Meskipun investasi iklim meningkat pada tahun 2023, Asia Tenggara memiliki kesenjangan investasi sebesar US$1,493 triliun yang harus diisi pada tahun 2030 untuk mencapai tujuan dekarbonisasi.

Alasan utama terjadinya hal ini adalah kurangnya aktivisme pemegang saham yang mendorong perusahaan-perusahaan di Asia Tenggara untuk melakukan dekarbonisasi, kata Hardcastle pada Ecosperity, sebuah konferensi iklim yang diadakan di Singapura.

“Wilayah kami tidak memiliki aktivisme pemegang saham seperti yang kami lihat di wilayah lain yang mengambil tindakan. Meskipun terdapat tekanan yang semakin besar yang dapat dibuktikan oleh siapa pun di sektor keuangan saat ini, hal tersebut masih belum menghasilkan investasi yang kita perlukan,” katanya.

Di Eropa dan Amerika Serikat, pemegang saham telah menekan perusahaan-perusahaan untuk beralih ke arah keberlanjutan.

Shell menghadapi pemberontakan pemegang saham pada bulan Januari, sebagai investor besar termasuk skema pensiun terbesar di Inggris siap untuk mendukung resolusi aktivis iklim.

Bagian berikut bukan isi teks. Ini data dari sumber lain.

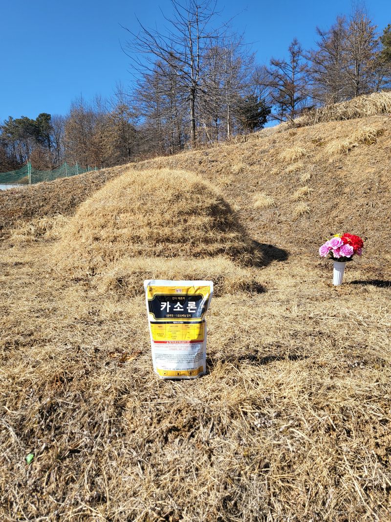 부모님 산소에 잔디는살고 잡초발아 억제제 살포 했어요

Dua puluh tujuh investor yang memiliki sekitar 5 persen saham perusahaan setuju untuk mendukung resolusi yang diajukan oleh kelompok aktivis pemegang saham yang berbasis di Amsterdam. Ikuti ini yang menyerukan perusahaan minyak dan gas tersebut untuk menyelaraskan target pengurangan emisi jangka menengahnya dengan perjanjian Paris tahun 2015.

Follow This juga meminta pemungutan suara mengenai strategi iklim ExxonMobil pada pertemuan pemegang saham tahunannya pada bulan Mei.

Namun, kelompok investor tersebut membatalkan petisinya kepada pemegang saham Exxon untuk memberikan suara apakah perusahaan tersebut harus menetapkan target pengurangan emisi setelah perusahaan minyak Amerika Serikat tersebut secara hukum menentang rencana mereka.